No emprego, no crédito e em toda a cadeia de negócios que ela gera.
Ironicamente, lembra a fala de Jair Bolsonaro de que “nós temos é que descontruir muita coisa [ no Brasil] . Desfazer muita coisa. Para depois nós começarmos a fazer” e a sua fixação com caixas-pretas, como alguém que procura os responsáveis pelo desastre do avião em lugar de deter suas causas.
O desmonte do BNDES é apontar ainda mais para baixo o nariz da aeronave em pane.
Caixa-preta
Laura Carvalho, na Folha
Seja pela sua profundidade, seja por sua longa duração, a crise econômica brasileira atual é bastante atípica. Tal como na queda de um avião, é preciso uma confluência de fatores para explicá-la.
A caixa-preta, que nos desastres ajudam a revelar alguns deles, pode ser encontrada, no caso de nossa recessão, em um setor-chave da economia: a construção civil.

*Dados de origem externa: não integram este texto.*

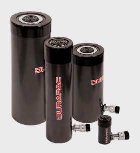
1. Hydraulic Jacks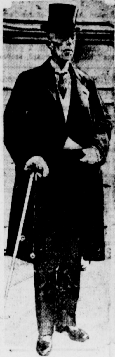
Here's an unusually good photograph of King Gustave, taken at Stockholm, Sweden—a close-range snapshot of more than ordinary interest as a study in character. It also depicts what the well-dressed Swedish gentleman will wear, although His Majesty's hat looks as if it was a little bit too small.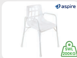
Aspire SHOWER chair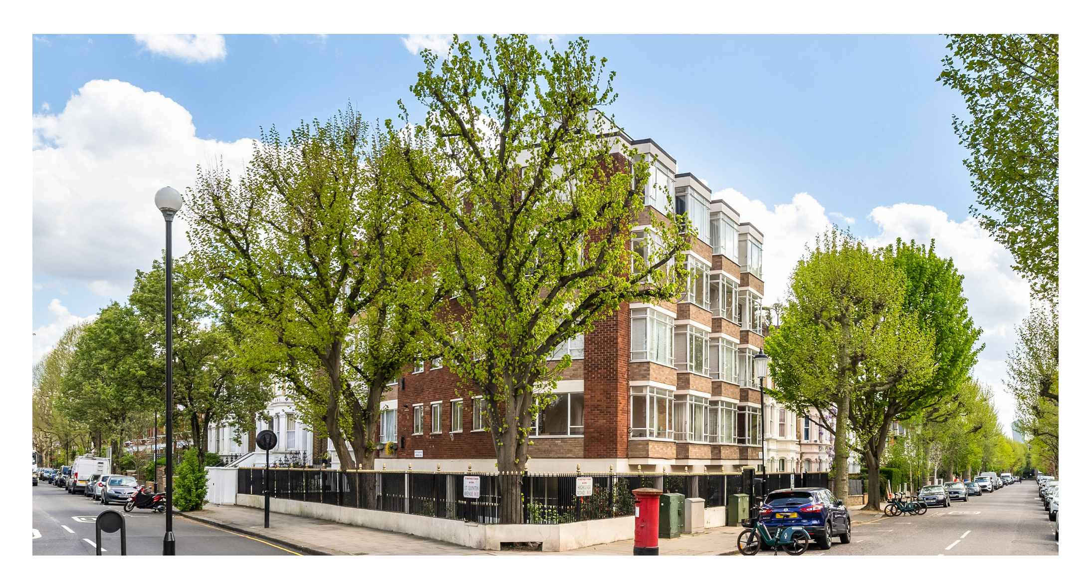
ST. QUINTIN AVENUE,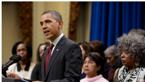
President Barack Obama announces the proposed rule at a White House ceremony, December 15, 2011.

"When this exemption to the FLSA was established in 1974, it was meant to apply to casual work arrangements like babysitting," then U.S. Secretary of Labor Hilda Solis said in 2011, announcing the proposed rule. "It was not intended to cover professionals whose vocation was in-home care service ... Professional caregivers are committed to their jobs. This is truly work from the heart, but it's also hard and demanding. So it's time for us to take better care of our nation's caregivers and provide them with the wage protections that they deserve."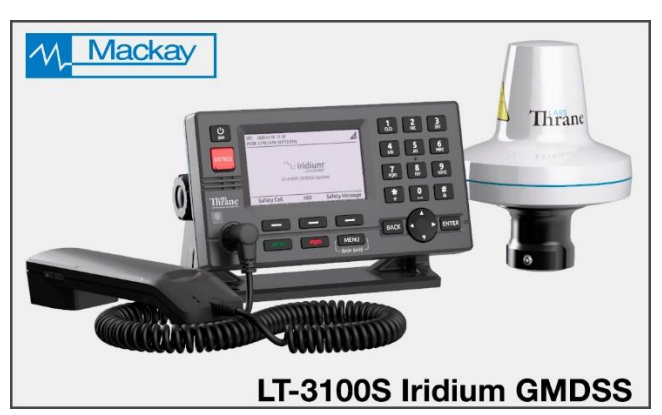
Fully meets IMO GMDSS regulations as pictured. Add-on interface module for ISPS SSAS, LRIT services available now

About Mackay | Mackay Communications, Inc. (dba Mackay Marine) sells, installs, and services communication and navigation equipment onboard vessels of all class and size. Mackay, in business for over 135 years, has 3,500+ customers spread over every continent, annually conducts 18,000+ service calls, employs 340 seasoned professionals, with locations in more than 50 major ports. Mackay World Service coordinates service, installation, and inspections 24/7 for all ports, worldwide. For more details visit: <a href="https://www.mackaymarine.com">https://www.mackaymarine.com</a>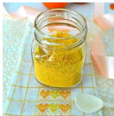
Figure 6: Orange Peel Powder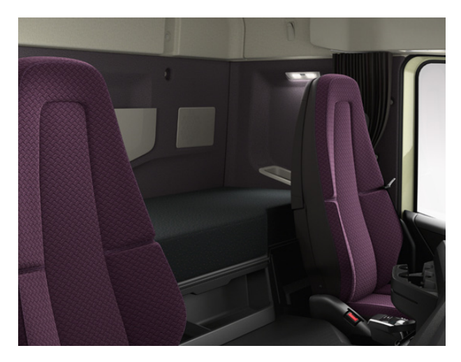
PROGRESSIVE TRIM. Plush or leather upholstery. Raven rubber mats.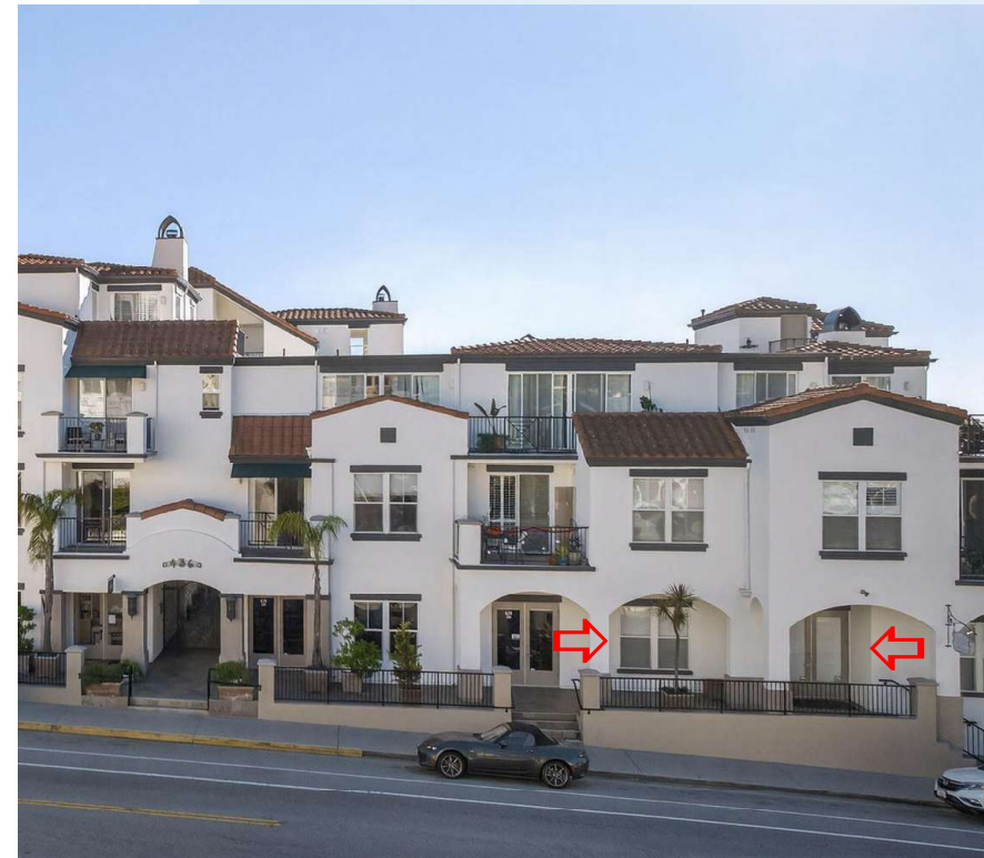
428 POLI STREET, Unit 2C

Se considerarmos que a recessão começou no segundo trimestre de 2014, tal qual identificado pelo Codace (Comitê de Datação de Ciclos Econômicos), o PIB brasileiro ainda está 5,3% abaixo de seu valor pré-crise, tornando esta a mais lenta recuperação da história.

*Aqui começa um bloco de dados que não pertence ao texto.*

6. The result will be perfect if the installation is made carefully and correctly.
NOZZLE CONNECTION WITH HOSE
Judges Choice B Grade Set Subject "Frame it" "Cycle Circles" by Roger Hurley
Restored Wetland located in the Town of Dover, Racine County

Ainda assim, nada comparado ao que se passa no setor de construção, que ainda sofre com um produto 31,8% menor do que no pico.
Mas não é apenas pela forte queda no produto e pela lentidão na recuperação que o setor de construção civil é tão crucial para explicar nossa crise. Por ser muito intensivo em mão de obra, a perda de empregos no setor é, sozinha, responsável por mais de 20% do aumento no número de desempregados no país.

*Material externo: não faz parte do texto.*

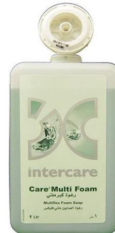
Multiflex Multi Foam Soap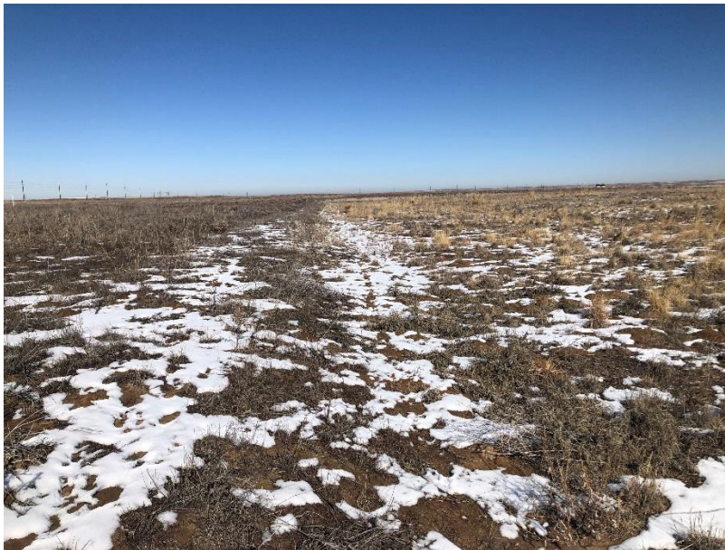
West end of disturbed area, looking north, with the undisturbed area on the left

Number of Partial Inspection this Fiscal Year: 4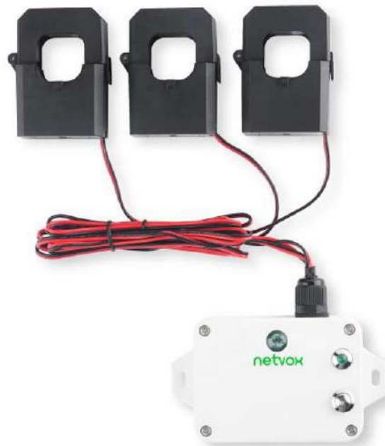
Figure1 R718NL325 Appearance

Wireless Sensor Network Based on LoRa Technology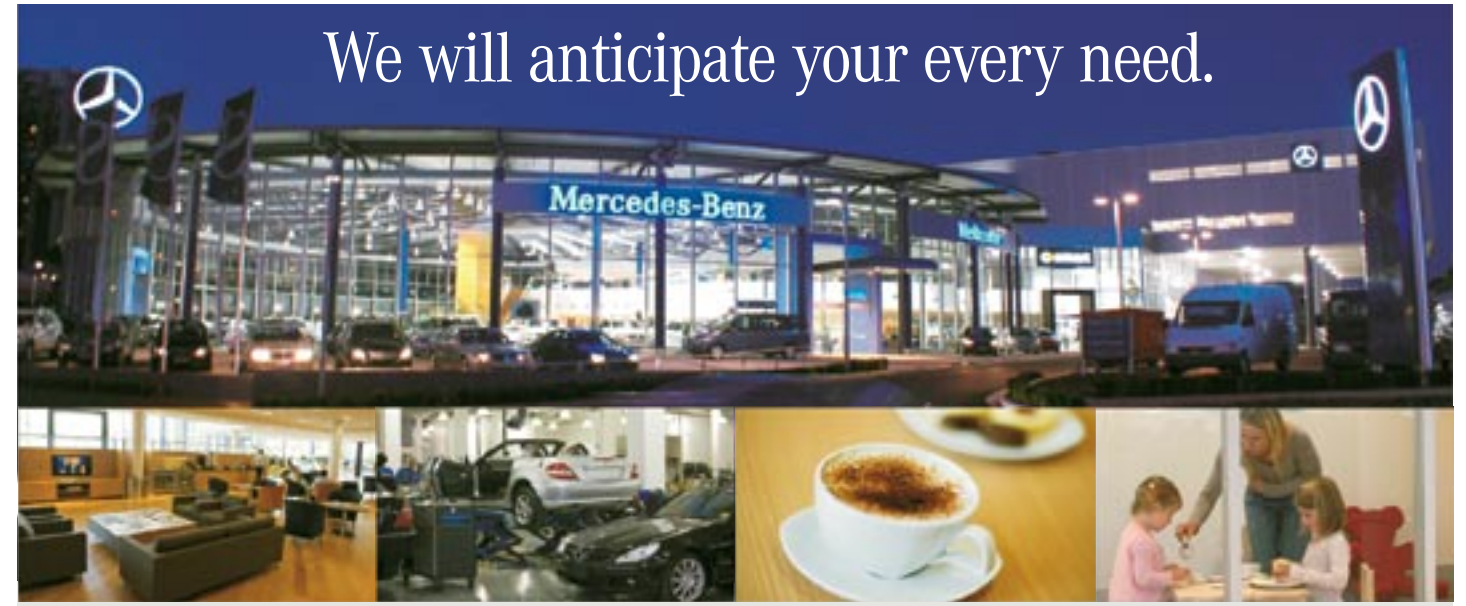
We have everything you would expect from a dealership that's as big as a city block – Like ample parking, coffee shop, creche and the full range of Mercedes-Benz vehicles ready to test drive without an appointment, yet for a large dealership the service is so friendly, attentive and personalised.

Epworth Eastern has recently opened a new $85 million, 223-bed acute-care medical and surgical hospital in Box Hill.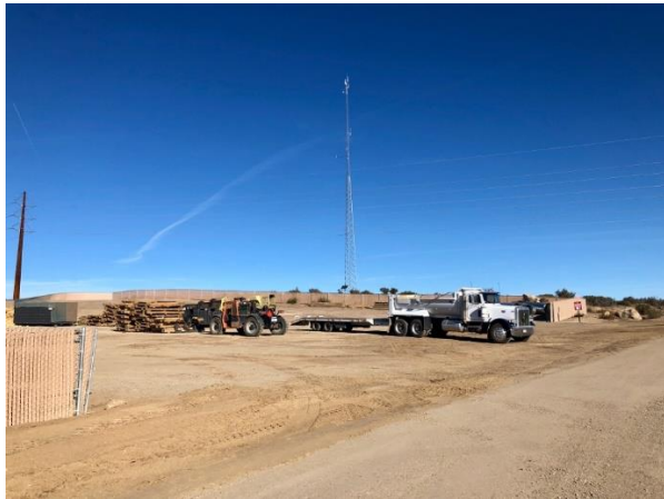
Photo 1: ECMs observed site and equipment demobilization at laydown yard #6.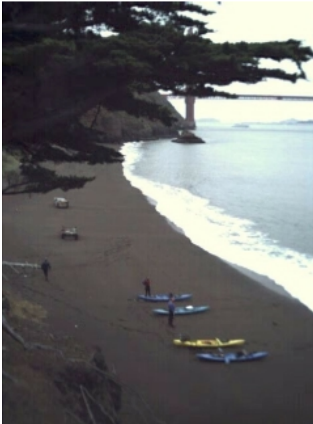
Beached at Kirby Cove

Além disso, por empregar majoritariamente trabalhadores menos escolarizados, de salários mais baixos, o momento vivido pela construção civil também explica boa parte do aumento nas desigualdades de renda desde o início da crise. O rendimento médio recebido em todos os trabalhos já era, no primeiro trimestre de 2014, 17% maior do que os rendimentos na construção.
Mas essa disparidade subiu para 33%, de acordo com os dados da Pnad Contínua do primeiro trimestre deste ano.
Ou seja, ao contribuir fortemente para o aumento do desemprego e da desigualdade, a crise na construção tem impacto nos outros setores da economia, na medida em que prejudica a recuperação do consumo das famílias. Mas ainda resta a pergunta: por que o setor de construção tem sido o mais afetado desde 2014?
É aí que entra em cena a confluência de fatores. Primeiro, na semana em que foi protocolado o maior pedido de recuperação judicial da história brasileira, pela Odebrecht S.A., não é possível ignorar os impactos econômicos de curto prazo da Operação Lava Jato.
Como apontou o economista Bráulio Borges, da LCA Consultoria e do Ibre/FGV, a lentidão e a incerteza envolvendo a aprovação dos acordos de leniência com as grandes empreiteiras envolvidas têm também efeitos sistêmicos, na medida em que seus credores respondem aos riscos de inadimplência dessas empresas, contraindo o crédito.
A segunda explicação não é menos importante: o setor é o mais punido pela queda brutal nos investimentos públicos em obras de infraestrutura e construção de escolas, hospitais e moradia desde o início do ajuste fiscal, em 2015.
Segundo dados da IFI (Instituição Fiscal Independente), os investimentos do governo central caíram pela metade, em termos reais, entre 2014 e 2017. Nas empresas públicas federais e nos governos estaduais e municipais, a queda foi ainda maior: de 58%, 58% e 56%, respectivamente.
“O Brasil não é um terreno aberto onde nós pretendemos construir coisas para o nosso povo. Nós temos é que descontruir muita coisa. Desfazer muita coisa. Para depois nós começarmos a fazer”, declarou o presidente Jair Bolsonaro em um evento em março nos Estados Unidos.
Acho que agora eu entendi: a ideia é continuar procurando a tal caixa-preta no BNDES enquanto destruímos completamente a capacidade de investimento e de financiamento do Estado brasileiro —nossos possíveis motores de retomada.